── EXTRACTED ENTRIES ──
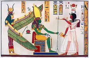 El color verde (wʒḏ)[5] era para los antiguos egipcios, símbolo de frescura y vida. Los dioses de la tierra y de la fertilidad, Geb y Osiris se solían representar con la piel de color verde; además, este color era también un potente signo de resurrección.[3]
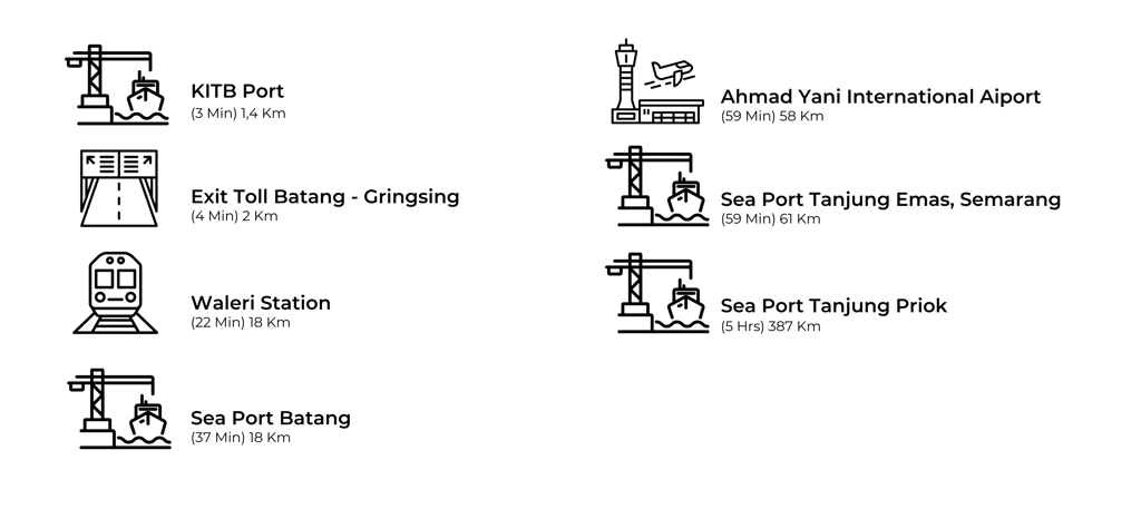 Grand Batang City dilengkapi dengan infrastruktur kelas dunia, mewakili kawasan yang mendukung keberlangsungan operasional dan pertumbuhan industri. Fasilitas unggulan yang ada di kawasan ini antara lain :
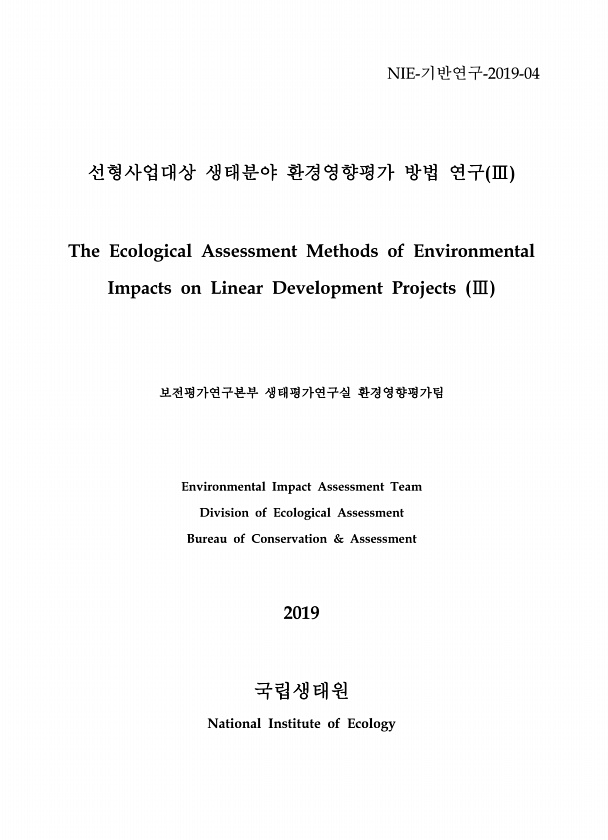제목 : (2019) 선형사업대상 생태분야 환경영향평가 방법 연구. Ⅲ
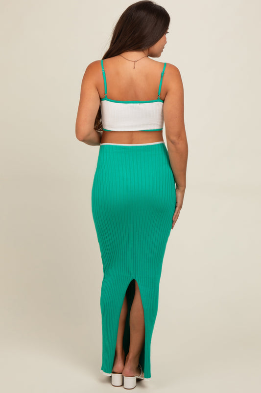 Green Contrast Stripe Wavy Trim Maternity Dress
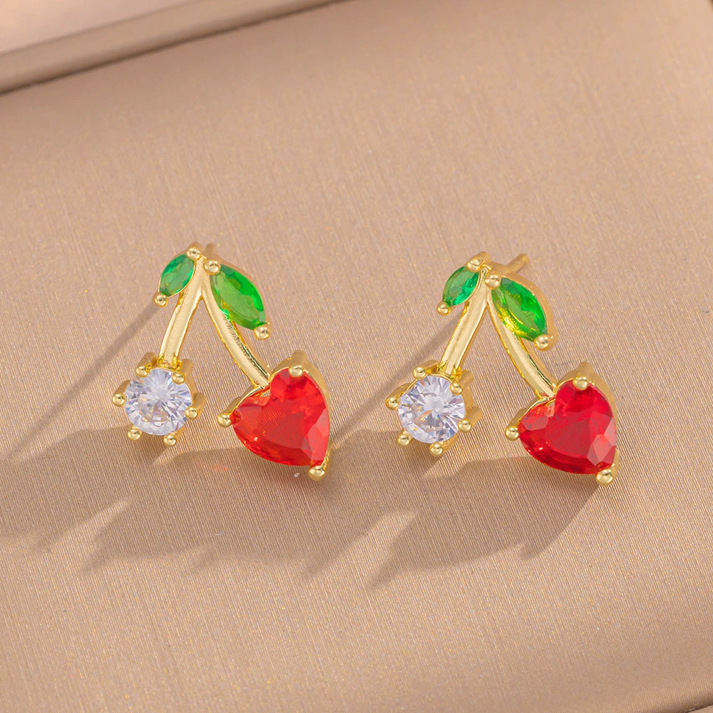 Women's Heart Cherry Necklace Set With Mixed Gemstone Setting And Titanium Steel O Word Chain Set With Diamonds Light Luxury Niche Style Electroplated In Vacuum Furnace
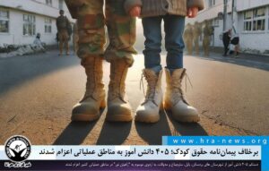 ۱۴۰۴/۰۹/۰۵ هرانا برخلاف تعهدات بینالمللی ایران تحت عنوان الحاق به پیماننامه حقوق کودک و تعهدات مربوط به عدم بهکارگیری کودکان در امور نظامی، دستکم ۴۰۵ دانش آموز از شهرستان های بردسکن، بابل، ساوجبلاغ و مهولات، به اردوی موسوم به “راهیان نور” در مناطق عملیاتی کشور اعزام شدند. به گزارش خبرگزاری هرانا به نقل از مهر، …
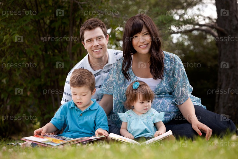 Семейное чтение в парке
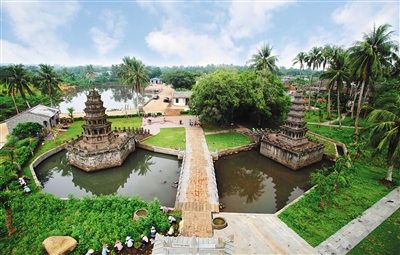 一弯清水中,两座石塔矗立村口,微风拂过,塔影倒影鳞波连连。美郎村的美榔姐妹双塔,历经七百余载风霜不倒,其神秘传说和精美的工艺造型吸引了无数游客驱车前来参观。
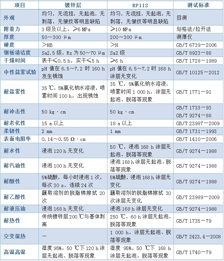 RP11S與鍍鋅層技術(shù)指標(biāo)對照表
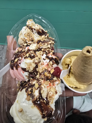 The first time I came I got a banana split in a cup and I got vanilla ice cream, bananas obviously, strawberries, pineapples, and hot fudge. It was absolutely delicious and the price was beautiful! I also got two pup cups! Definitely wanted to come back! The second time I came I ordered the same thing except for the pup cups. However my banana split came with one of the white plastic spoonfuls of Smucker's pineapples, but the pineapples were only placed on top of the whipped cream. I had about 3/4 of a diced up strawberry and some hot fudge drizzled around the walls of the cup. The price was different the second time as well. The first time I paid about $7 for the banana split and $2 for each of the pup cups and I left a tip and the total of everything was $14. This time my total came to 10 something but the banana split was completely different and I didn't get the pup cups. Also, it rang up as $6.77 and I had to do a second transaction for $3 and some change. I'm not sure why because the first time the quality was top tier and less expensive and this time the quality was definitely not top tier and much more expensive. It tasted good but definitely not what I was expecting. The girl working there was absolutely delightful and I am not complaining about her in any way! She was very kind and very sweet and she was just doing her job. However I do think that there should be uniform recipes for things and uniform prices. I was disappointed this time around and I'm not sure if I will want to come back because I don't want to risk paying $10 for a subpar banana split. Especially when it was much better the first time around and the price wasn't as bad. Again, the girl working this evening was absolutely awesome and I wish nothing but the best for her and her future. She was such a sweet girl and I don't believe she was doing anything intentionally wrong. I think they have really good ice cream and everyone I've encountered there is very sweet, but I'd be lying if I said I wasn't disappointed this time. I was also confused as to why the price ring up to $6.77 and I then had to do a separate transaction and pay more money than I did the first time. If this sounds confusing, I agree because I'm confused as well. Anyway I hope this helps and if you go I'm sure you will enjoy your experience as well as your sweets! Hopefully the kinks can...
───
── EXTRACTED ENTRIES ──
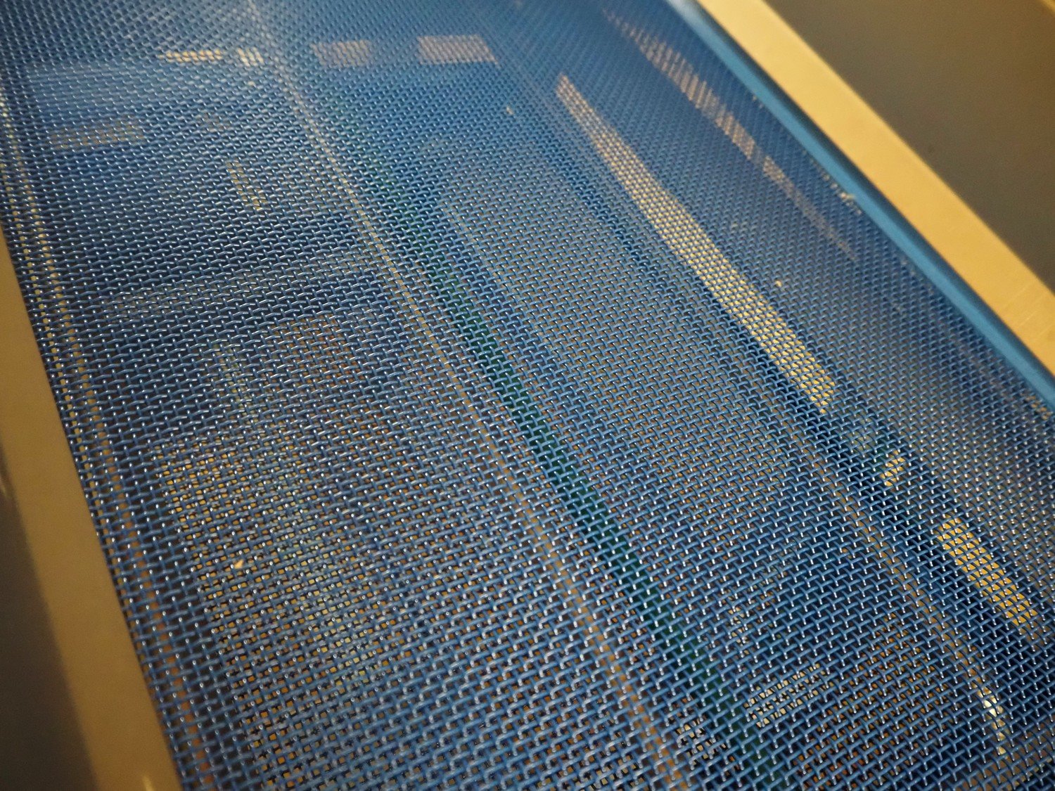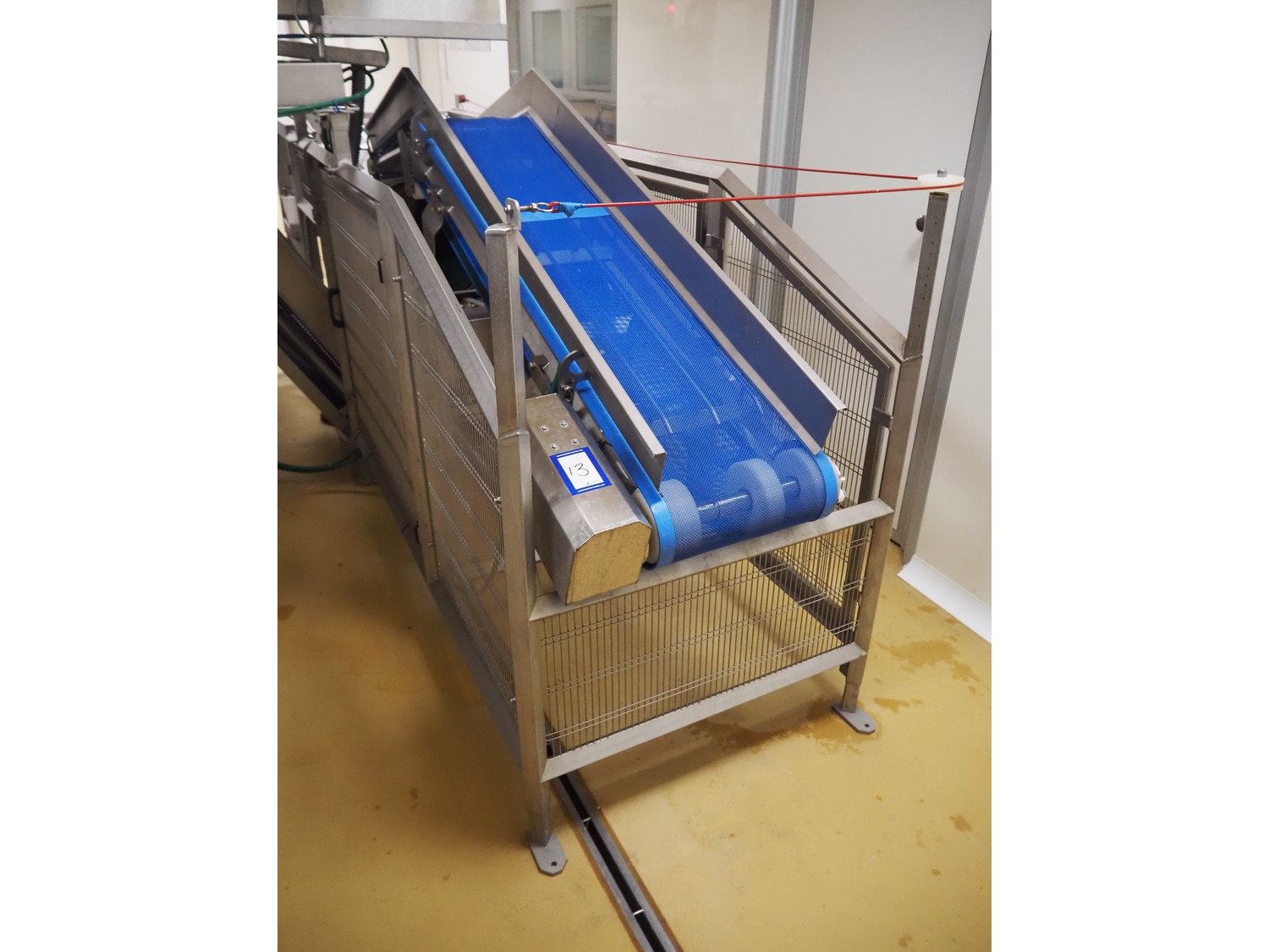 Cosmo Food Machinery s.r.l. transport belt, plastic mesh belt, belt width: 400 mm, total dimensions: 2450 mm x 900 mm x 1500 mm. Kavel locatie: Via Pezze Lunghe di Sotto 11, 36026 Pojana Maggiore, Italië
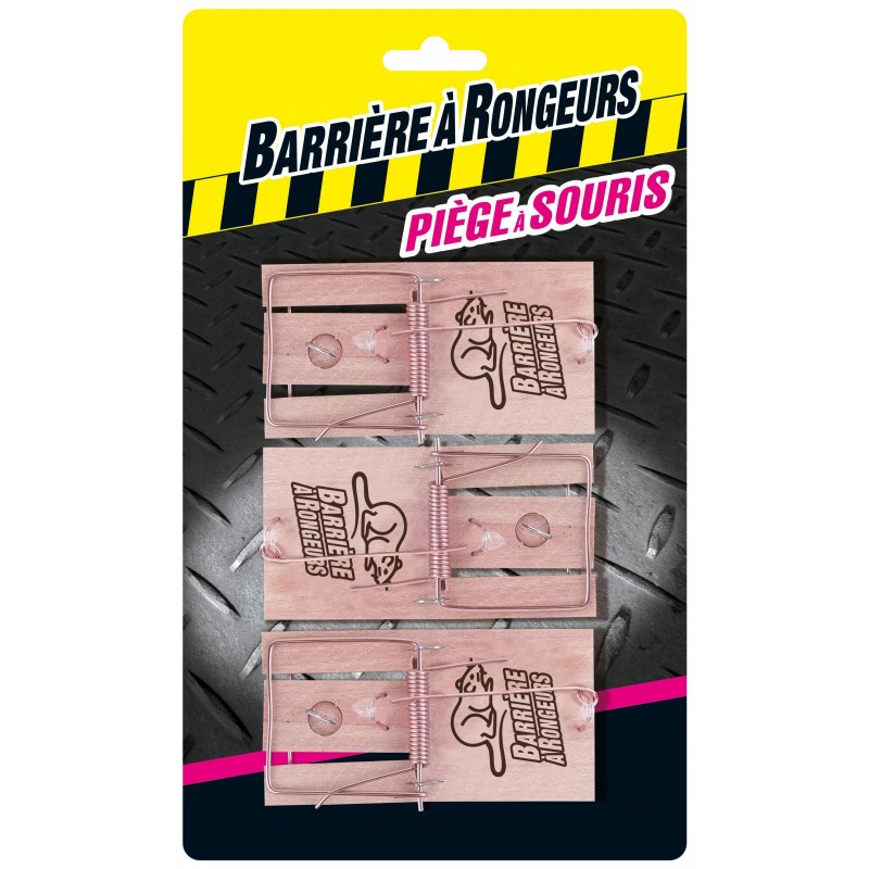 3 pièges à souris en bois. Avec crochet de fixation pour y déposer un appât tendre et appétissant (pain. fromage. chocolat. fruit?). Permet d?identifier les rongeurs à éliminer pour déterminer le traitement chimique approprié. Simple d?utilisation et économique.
───
From the data above, return only the lines starting at the line that holds "Women's Heart Cherry" and ending at the line that holds "RP11S與鍍鋅層技術(shù)指標(biāo)對照表", word for word and without pictures.

» SOLUTION
 Women's Heart Cherry Necklace Set With Mixed Gemstone Setting And Titanium Steel O Word Chain Set With Diamonds Light Luxury Niche Style Electroplated In Vacuum Furnace
 ۱۴۰۴/۰۹/۰۵ هرانا برخلاف تعهدات بینالمللی ایران تحت عنوان الحاق به پیماننامه حقوق کودک و تعهدات مربوط به عدم بهکارگیری کودکان در امور نظامی، دستکم ۴۰۵ دانش آموز از شهرستان های بردسکن، بابل، ساوجبلاغ و مهولات، به اردوی موسوم به “راهیان نور” در مناطق عملیاتی کشور اعزام شدند. به گزارش خبرگزاری هرانا به نقل از مهر، …
 Семейное чтение в парке
 一弯清水中,两座石塔矗立村口,微风拂过,塔影倒影鳞波连连。美郎村的美榔姐妹双塔,历经七百余载风霜不倒,其神秘传说和精美的工艺造型吸引了无数游客驱车前来参观。
 RP11S與鍍鋅層技術(shù)指標(biāo)對照表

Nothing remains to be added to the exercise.